Selanjutnya, perusahaan tersebut mengatakan, “Penyedia AI hanya diizinkan untuk menawarkan asisten AI umum di Platform Bisnis WhatsApp di mana Meta secara hukum diharuskan untuk mengizinkan kasus penggunaan ini.” Menyusul langkah tersebut, Uni Eropa menyebut langkah tersebut anti-kompetitif dan memperingatkan tentang penerapan langkah-langkah sementara untuk mencegah potensi kerugian pada perusahaan AI saingan. Kekhawatiran yang sama juga diungkapkan oleh pengawas Italia pada bulan Desember, yang mengakibatkan Meta mengizinkan chatbot AI pesaing di negara tersebut dengan biaya.
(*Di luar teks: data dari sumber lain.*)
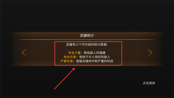 2、武器有【攻击力量】【电击伤害】【严重伤害】三个可升级属性优先提升攻击力量降低敌人健康值。

Di sisi lain, dalam dokumen yang diperbarui, raksasa teknologi tersebut mengatakan bahwa di negara-negara di mana secara hukum diharuskan untuk memperbolehkan dukungan platform bisnis WhatsApp untuk penyedia AI pihak ketiga, mereka akan dikenakan biaya untuk setiap pesan non-template yang dikirim bot kepada pengguna. Ketentuan ini saat ini berlaku di 30 negara, di mana 26 di antaranya adalah anggota Uni Eropa, tiga adalah anggota Area Ekonomi Eropa (EEA), dan negara yang tersisa adalah Brasil.

Namun demikian, Meta bisa membebankan biaya kepada penyedia AI antara EUR 0,0490 (sekitar Rp. 5) dan EUR 0,1323 (sekitar Rp. 14) untuk setiap pesan non-template, tergantung pada negara. Karena percakapan pengguna dengan bot AI dapat mencakup puluhan pesan, layanan ini bisa menjadi urusan yang mahal bagi perusahaan AI.

Bagian berikutnya, Seorang juru bicara Meta mengatakan kepada Reuters, “Untuk 12 bulan ke depan, kami akan mendukung chatbot AI umum menggunakan API Bisnis WhatsApp di Eropa sebagai respons terhadap proses regulasi Komisi Eropa. Kami percaya bahwa ini menghapus kebutuhan untuk intervensi segera karena memberikan waktu yang dibutuhkan Komisi Eropa untuk menyelesaikan investigasinya.”